* Task goal: Would you please write out only the lines running from the top of the listing through the one holding "Немцов Ошер Костюковичи, Белоруссия", exactly, with both ends kept and pictures left out?

* The input:

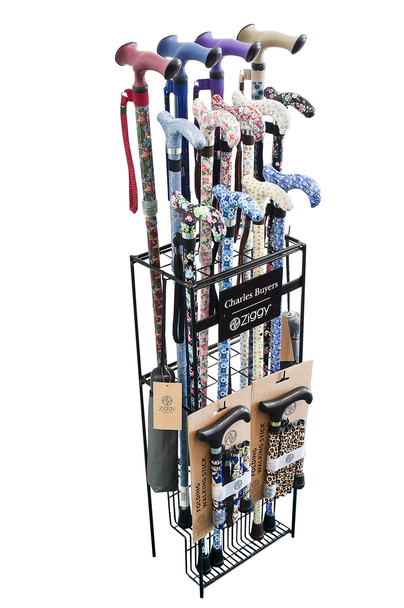 Holds 15 walking sticks or umbrellas and 4 hooks for folding sticks.
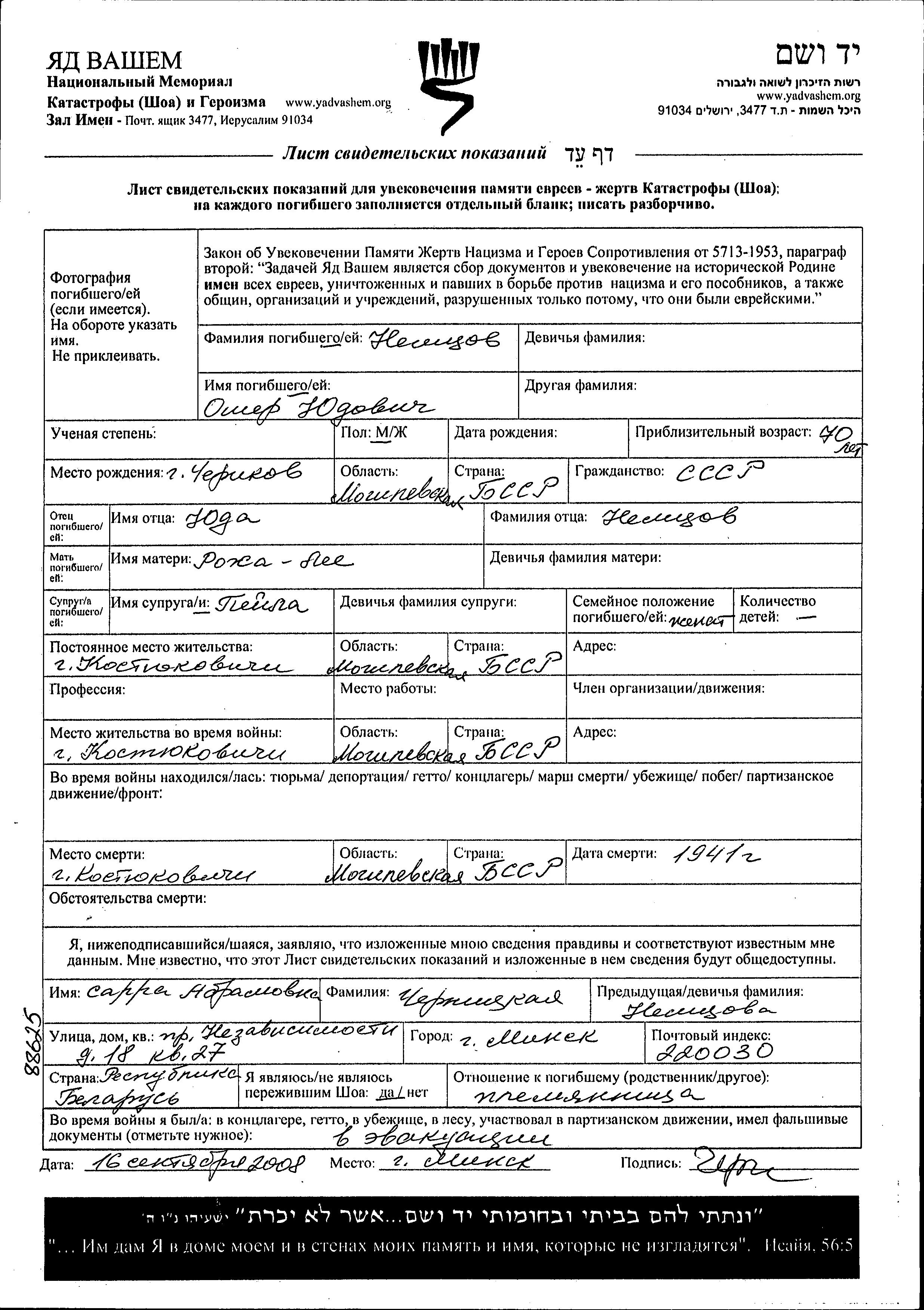 Немцов Ошер Костюковичи, Белоруссия (СССР) Лист свидетельских показаний
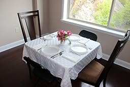 I bought two of these for 2 card tables to make a little "Cafe" for Mother's Day since my dining room table had not been delivered following a move. They are bright white, and worked very well, looked lovely, washed up nicely and needed no ironing.
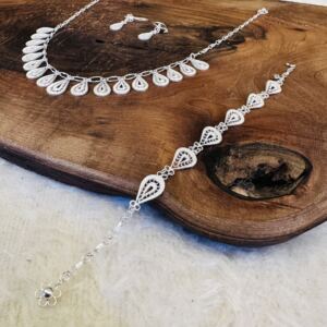 - Takı setimiz gerdanlık, bileklik ve küpeden oluşmaktadır.
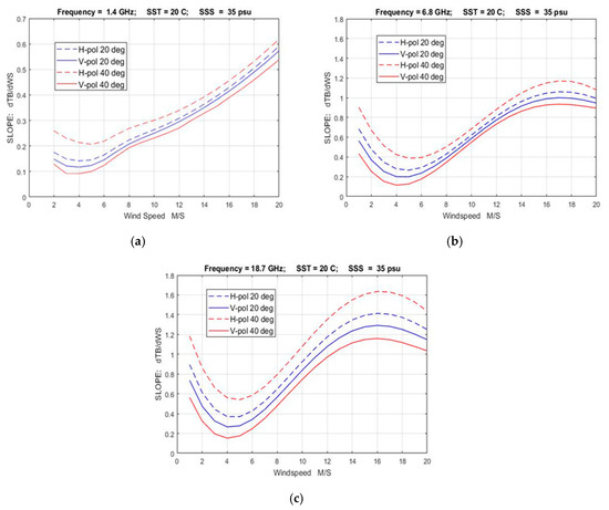Sensitivity, dTB/dWS, of brightness temperature to a change in wind speed for incidence angles of 20o and 40° and SST = 20 °C; SSS = 35 psu: (a) 1.4 GHz; (b) 6.8 GHz; (c) 18.7 GHz.

* Task response:
 Holds 15 walking sticks or umbrellas and 4 hooks for folding sticks.
 Немцов Ошер Костюковичи, Белоруссия (СССР) Лист свидетельских показаний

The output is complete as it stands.